On Friday, June 8, at 4:53 a.m. officers of the Santa Monica Police Department received a call informing them that a group of men, including a man wearing a red sweater*, were looking into parked cars using flashlights (this is considered suspicious behavior) in the area of Lincoln Blvd. and Washington Ave.
When the officers arrived, the officers checked the area and found a man wearing a black hooded sweatshirt gliding down the middle of the street on a skateboard.
The officers stopped him at the corner of Lincoln and Wilshire Boulevards so that the officers could try and determine whether he was one of the men looking into vehicles with flashlights.
As the officers were talking with this man a second man, wearing the red sweatshirt, appeared on the scene, and this man announced that he was in fact with the black sweatshirt wearing man.
The officers requested permission from these two men to search them both, and they agreed.
The officers conducted the search and found a flashlight and knife upon the person of one of these men, and in a backpack carried by the other man they discovered two portable GPS units, along with their chargers, a cell phone, and a number of other suspicious items.
The officers were able to confirm that these items were, in all reasonable probability, stolen and so these two men, one wearing black, the other red, were arrested.
Charges of receiving stolen property were leveled against an 18-year-old man from Compton (bail $1,000), and of curfew violation against a 16-year-old resident of Culver City.
*There is no intended implication that this story discriminates against people who wear red sweaters, or suggests that people who wear red sweaters are in any way criminally inclined.
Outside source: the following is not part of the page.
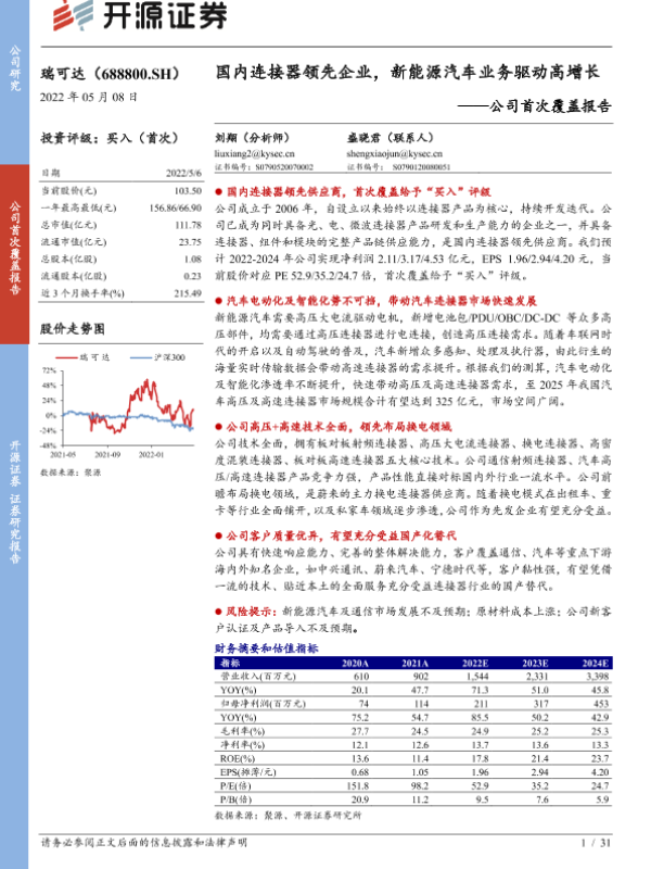 【开源证券】【20220508】国内连接器领先企业,新能源汽车业务驱动高增长-31页
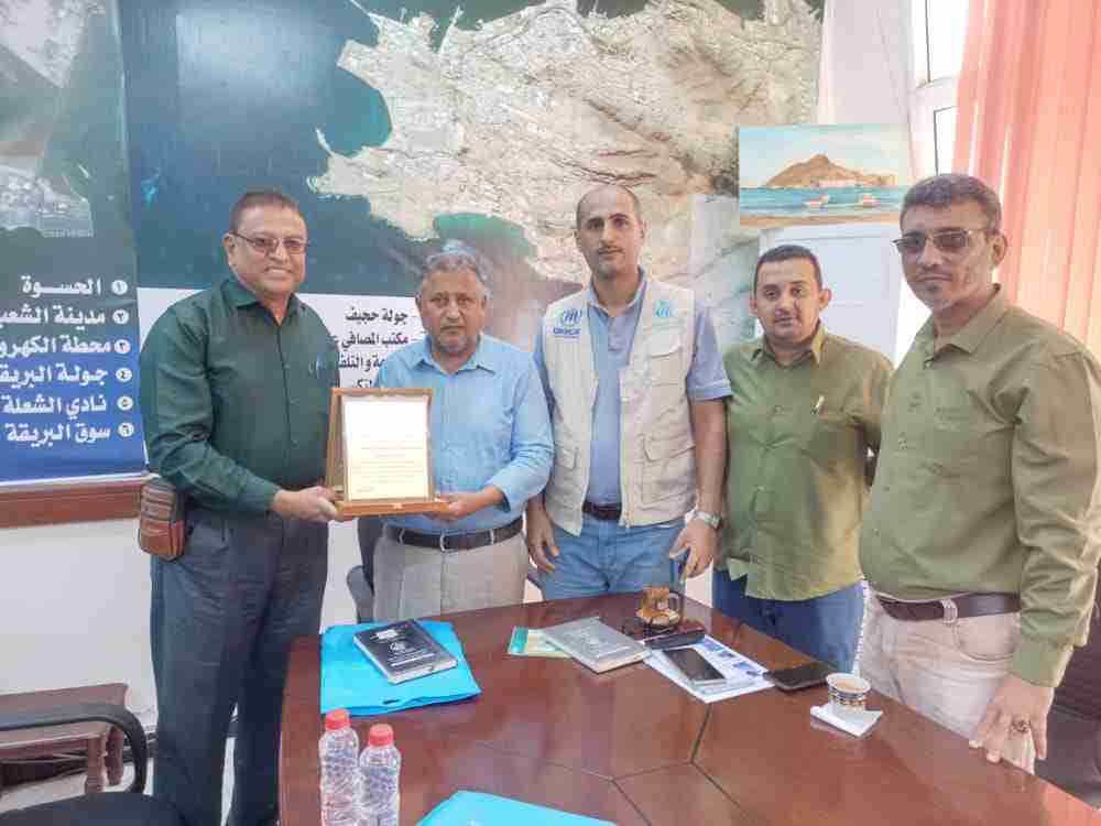 مدير المشروع الصحي للاجئين يكرم مدير صندوق النظافة في عدن

Editor’s Note: These reports are part of a regular police coverage series entitled “Alert Police Blotter” (APB), which injects some minor editorial into certain police activities in Santa Monica. Not all of the Mirror’s coverage of incidents involving police are portrayed in this manner. More serious crimes and police-related activities are regularly reported without editorial in the pages of the Santa Monica Mirror and its website, smmirror.com.